Today, self-proclaimed ‘gangster gardener’ Ron Finley has worked hard to revive neglected spaces in his South Central community. Like many guerilla gardeners, he doesn’t believe that the act of providing citizens with sustenance while turning eyesores into oases should be punished. Whether out of goodwill, defiance, or for sport, guerilla gardening is here to stay – it’s proven to be as intractable as the wildflowers that grow in the cracks of the sidewalk.

The legality behind guerilla gardening

In Neal Shusterman’s dystopian series, the Unwind trilogy, two nurses trade arguments regarding ethics and morality. “You can’t change laws without first changing human nature,” one nurse argues. The other claims that, “You can’t change human nature without first changing the law.” Granted, they are referring to a dystopian state that harvests the organs of minors, but the point still stands. 

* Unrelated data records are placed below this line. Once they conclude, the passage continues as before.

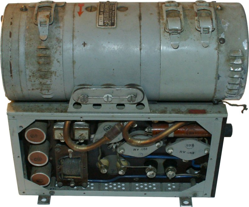 Umformer der Flugfunkstation FG IX; hergestellt von Elektromotorenbau Weber, Pieterlen in Lizenz der Société Française Radio-Electrique.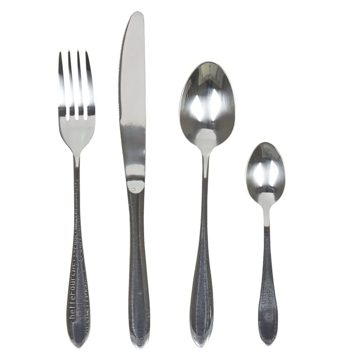 Ajoutez un peu de magie à votre table avec cette ménagère de 24 pièces avec 4 fourchettes, 4 couteaux ronds, 4 grandes cuillères et 4 petites cuillères argentés.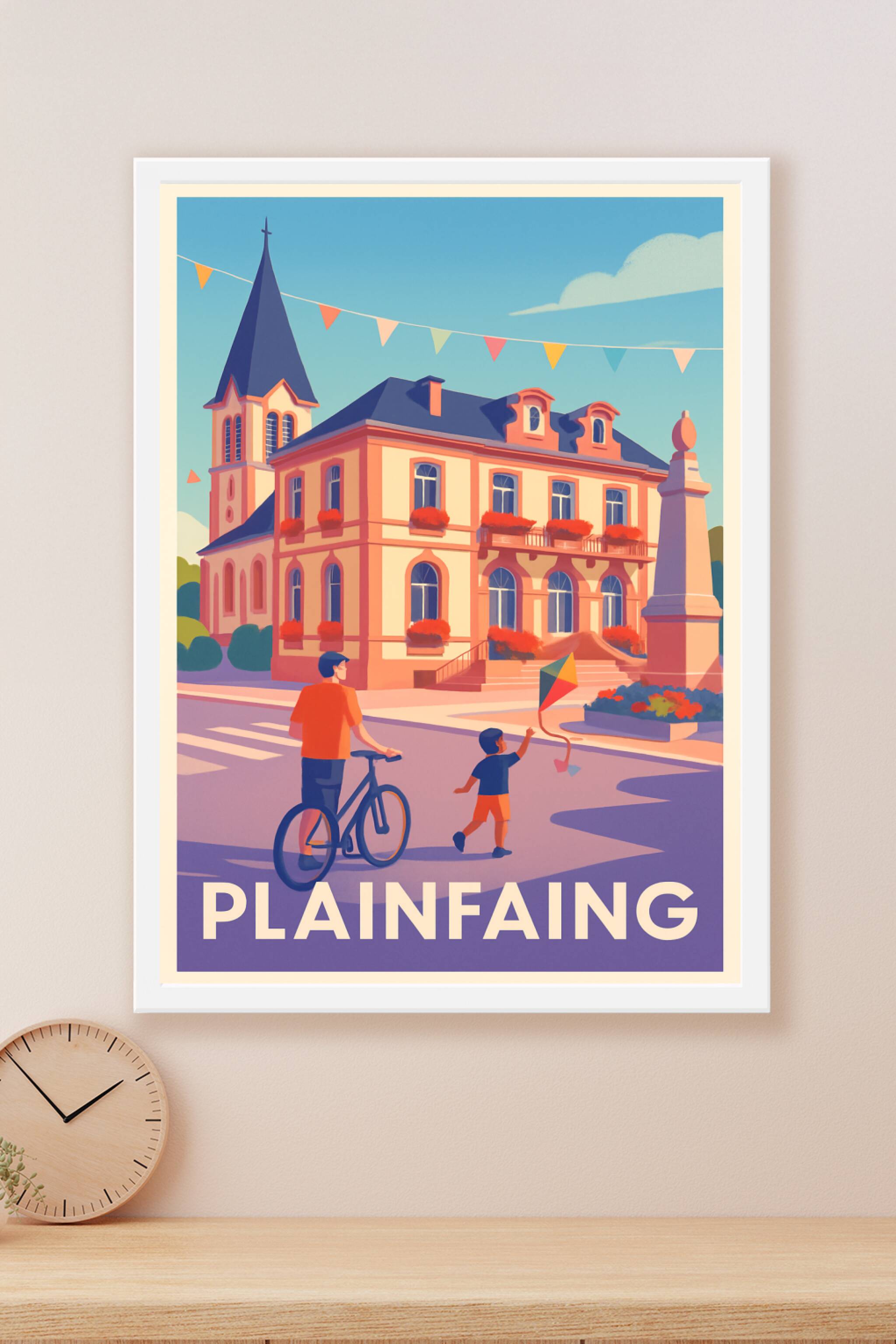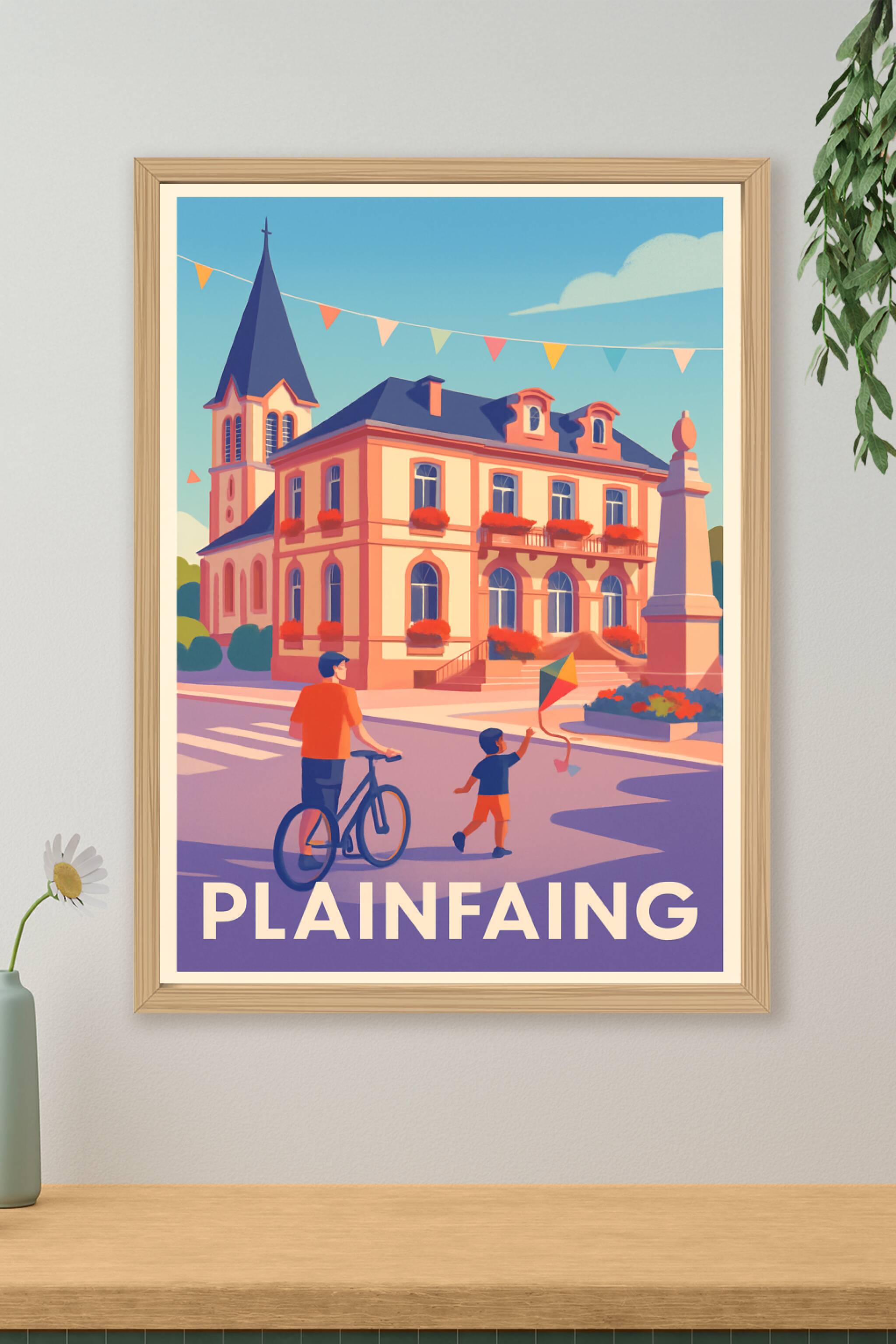 Offrez-vous une immersion dans la charmante atmosphère de Plainfaing avec cette affiche illustrée mettant en scène un moment de vie paisible, entre...

Laws are not inviolable truths, nor are they infallible. In a world where more serious crimes are given priority, guerilla gardening is generally overlooked, as it’s hard to prove the culprit. Indeed, it’s a two-way street: humans are shaped by laws, and they, in turn, create and enforce the very rules that dictate society. 

In LA, a resident, through tenacity and perseverance, managed to overturn a local ordinance, allowing gardeners to garden in city-owned land without a pricey permit. While guerilla gardening is often regarded as harmless, there are other legal consequences that you may incur if you decide to sell the produce grown without a permit.

Legal guerilla gardening

While legal guerilla gardening may seem like an oxymoron, you can technically plant in your neighborhood if you ask the city government for permission.

If you belong to an academic institution or non-profit, consider partnering with Vego Garden’s Giving Back Program. Many community gardens can benefit from functional raised garden beds, which have been designed to withstand the temperamental conditions of urban gardening. 

Even though the legal aspect may make it less intense, there’s various ways you can make guerilla gardening exciting. Tackle tough plant roots with our weapon of choice: a hori-hori knife. And there’s even a hi-flow retractable hose that might mimic the thrill of dropping seed bombs – perfect for thirsty plants or water fights. 

The true warriors of guerilla gardening are perennials and native plants that have adapted to a frugal existence where a dearth of water and nourishment reigns. A garden of native plants will attract beneficial wildlife and improve the ecological diversity of the area.